50 RPM/Paddle Coated Caplet 100 RPM/Paddle according to the Coated Caplet according 50 RPM/Paddle Time invention EXCEDRIN to the invention EXCEDRIN NODOSE (min) % Caffeine % APAP % Caffeine % APAP % Caffeine % APAP % Caffeine % APAP % Caffeine 5 86 88 36 41 102 95 50 51 19 10 101 101 72 78 104 99 90 89 34 15 102 101 91 95 104 99 101 99 52 30 101 101 96 100 104 99 101 100 94 60 101 101 95 100 104 100 101 100 104

Claims

1. A solid pharmaceutical dosage form comprising caffeine and a cephalagic, wherein said caffeine is in the form of uncoated particles having an average particle size of about 70 to 600 microns.

2. The dosage form of claim 1, wherein the cephalagic is selected from analgesics, non-steroidal anti-inflammatory drugs, decongestants, and antihistamines.

3. The dosage form of claim 1, wherein the cephalagic is selected from the group consisting of acetaminophen, ibuprofen, ketoprofen, chlorpheniramine, diphenhydramine, and doxcylamine.

4. The dosage form of claim 1, wherein the cephalagic is in the form of a granulation.

5. The dosage form of claim 4, wherein the granulation has an average particle size of about 100 to 400 microns.

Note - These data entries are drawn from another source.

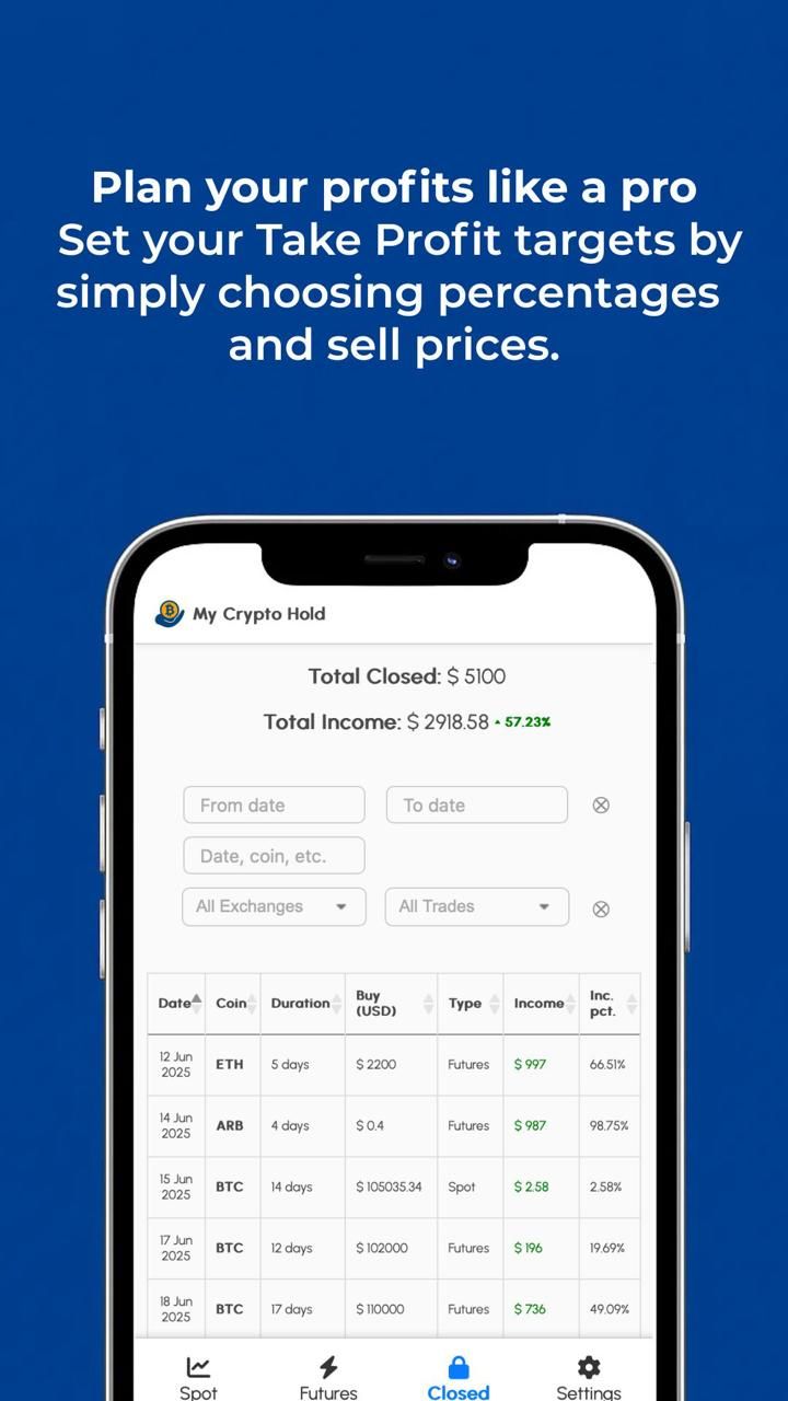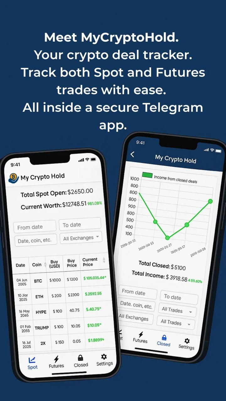 Вы торгуете на биржах. Устали подсчитывать свой доход? Все еще используете электронные таблицы или разрозненные документы? Экономьте время — MyCryptoHold — ваше универсальное приложение Telegram. Отслеживайте сделки, инвестиции и доходы в долларах США. Фильтрация доходов по диапазону дат. Посмотрите, как долго вы удерживали каждую позицию (в днях). Следите за ценами на криптовалюту в реальном времени. Место
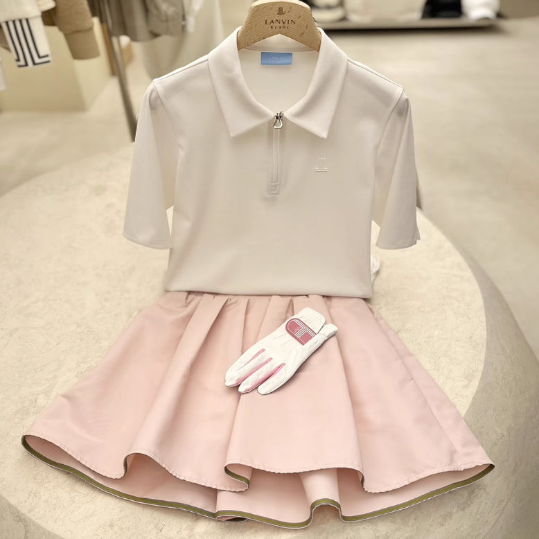 한국판 오리지널 골프 여성 골프 유니폼 패셔너블한 라펠 하프 지퍼 반팔 티셔츠 여름 가볍고 통기성이 좋은 상의
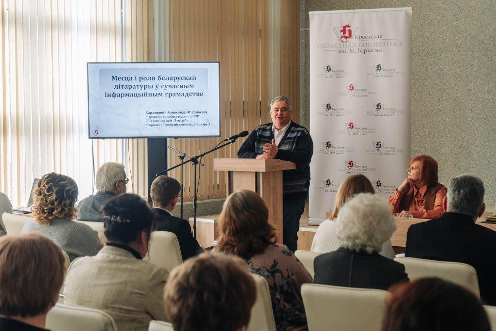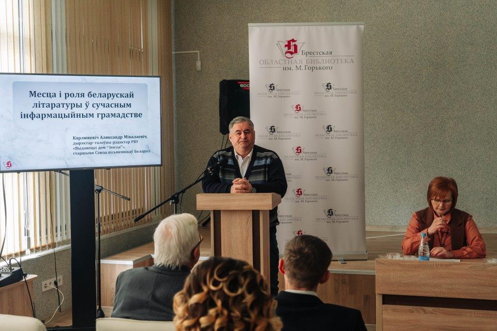 27 лютага 2023 г. у Брэсцкай абласной бібліятэцы імя М. Горкага адбыўся круглы стол «Сучасная беларуская кніга: тэндэнцыі развіцця і сродкі распаўсюджвання» з удзелам галоўнага рэдактара аднаго з найбуйнейшых рэспубліканскіх выданняў — газеты «Звязда», дырэктара–галоўнага рэдактара выдавецкага дома «Звязда» і старшыні Саюза пісьменнікаў Беларусі Аляксандра Мікалаевіча Карлюкевіча. Ён выступіў з дакладам аб месцы і ролі беларускай літаратуры ў сучасным інфармацыйным грамадстве.
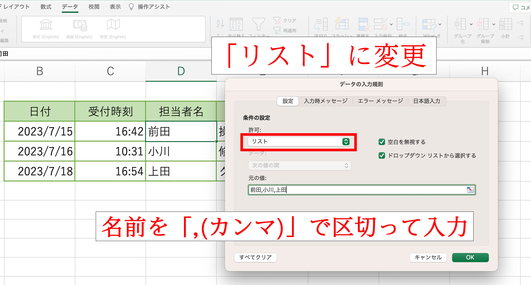次に「すべての値」と表示された箇所を「リスト」に変更。次に「元の値」と表示された箇所に、表で使用する名前を「、(カンマ)」で区切りながら入力していきます。そしてOKをクリック。
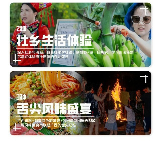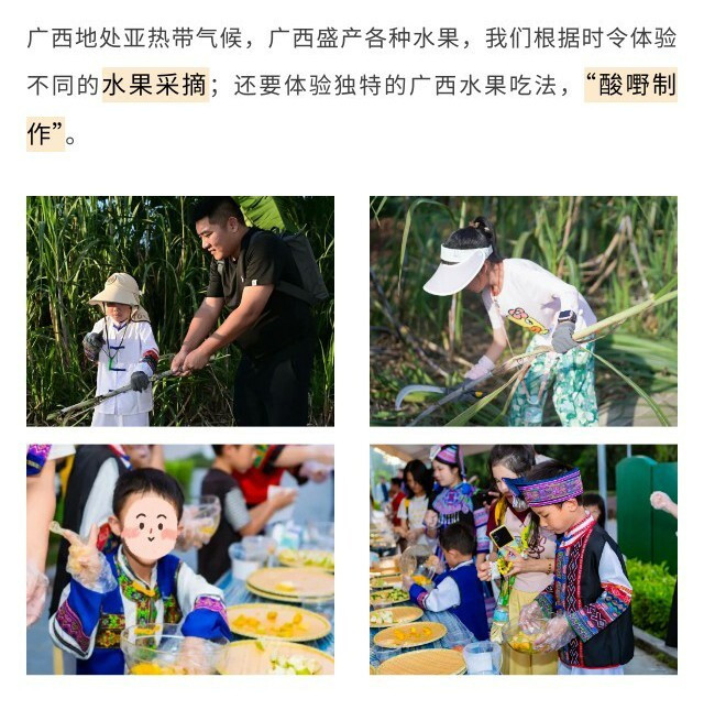 下午沉浸式体验在地壮族村民生活,小朋友们将【换上壮族服饰】,跟着当地人学壮语,【瓜果采摘】,动手做广西独特的水果吃法【酸嘢】,在实践中深入了解壮族饮食文化。
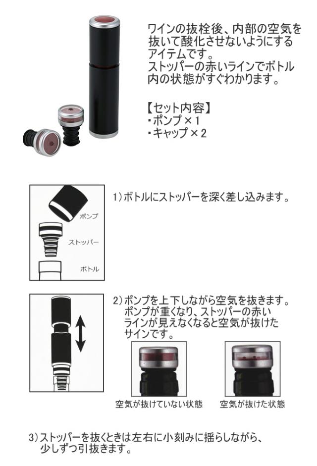 ワインの抜栓後、内部の空気を抜いて酸化させないようにするアイテムです。 ストッパーの赤いラインでボトル内の状態がすぐわかります。 |
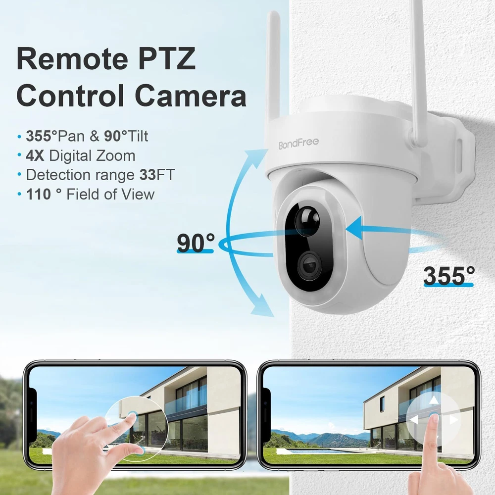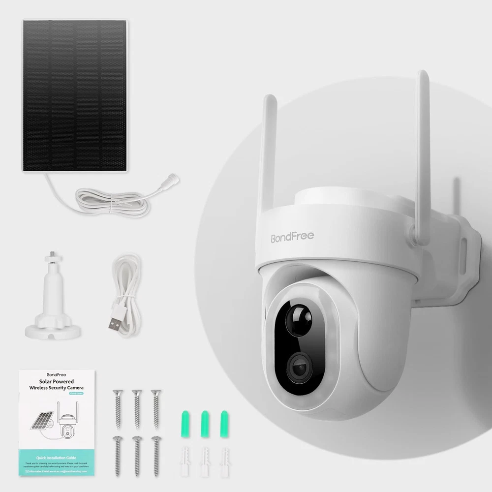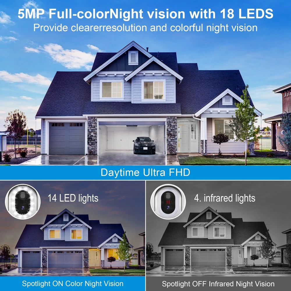[5MP Ultra HD Night Vision] New upgrade 5 megapixel, provides 4K full HD. solar camera take a 355° horizontally and 90° vertically panoramic shooting and 4X digital zoom, make sure cover your target area without blind spots. 3 night vision modes (full color, black and white, smart) for to choose. Built-in CMOS sensor and 4 IR lights automatically sense ambient light and switch to color night vision mode, see clearer details and color images even in pitch dark up to 33ft! [IP66 Weatherproof ] Provide continuous power for security cameras wireless outdoor with low energy consumption and high conversion rate solar panel that can display real-time battery level. The outdoor solar camera can work in the temperature range of -68°F to 122°F, and IP65 Weatherproof. Enjoy 3-8 months of standby time solely on battery power, while the solar panel ensures uninterrupted 365-day protection. [Motion Detection & Real-time Alerts] With advanced PIR sensor, the outdoor wireless camera can detect human movement (when turned on, it will only alarm when a human passes by, and the sensitivity is adjustable in 5 levels), push a real-time alert notifications to your phone, trigger loud siren, spotlight or sound alarming to frighten away unwanted visitors. Customize alarm schedules, detection area, adjust sensitivity levels from 1 to 10 for higher accuracy and fewer false alerts. [Real Time Multiplayer Sharing] The home security camera supports multiple people watching real-time videos simultaneously and is equipped with a built-in microphone and speaker, allowing you to establish real-time conversations. Event recording to micro SD card up to 128GB(not included) and cloud storage (6s free playback with encrypted secure data). You can view what is happening and replay what has already happened anytime, anywhere. [After Sale Service]: The camera is compatible with Alexa and only supports 2.4GHz WiFi. There is no wiring hassle and it can be installed on walls and ceilings. We provide technical support. If you have any questions during use this security camera wireless, please feel free to contact us. Our friendly team will help you solve all problems as soon as possible.
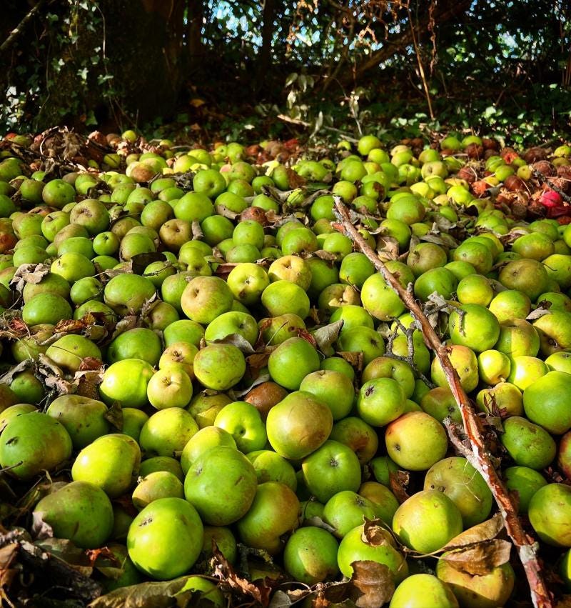 Ineens stuitte ik op een tafereel dat niet in de haak kon zijn. Want welke gek dumpt een hele appeloogst onder een boom? Ik ben opgevoed met het mantra ‘Eet jij nog even dat laatste restje op? Anders is het zonde.’ Dus deze scene voelde als een misdaad.

6. The dosage form of claim 1 in the form of a directly compressed tablet.

7. The dosage form of claim 1, wherein at least 95% of the caffeine dissolves within 5 minutes, when measured by USP, Type II Apparatus (Paddles) set at 50 rpm.

8. A process for making a solid, pharmaceutical dosage form, which comprises dry blending caffeine and a cephalagic into a blend, wherein said caffeine is in the form of uncoated particles having an average particle size of about 70 to 600 microns, and compressing the blend.

9. The process of claim 8, wherein the cephalagic is selected from the group consisting of acetaminophen, ibuprofen, ketoprofen, chlorpheniramine, diphenhydramine, and doxcylamine.

10. The process of claim 8, wherein the cephalagic is in the form of a granulation.

11. The process of claim 10, wherein the granulation has an average particle size of about 100 to 400 microns.

12. The process of claim 8, wherein at least 95% of the caffeine in the compressed blend dissolves within 5 minutes, when measured by USP, Type II Apparatus (Paddles) set at 50 rpm.

13. A compressed tablet made by the process of claim 8.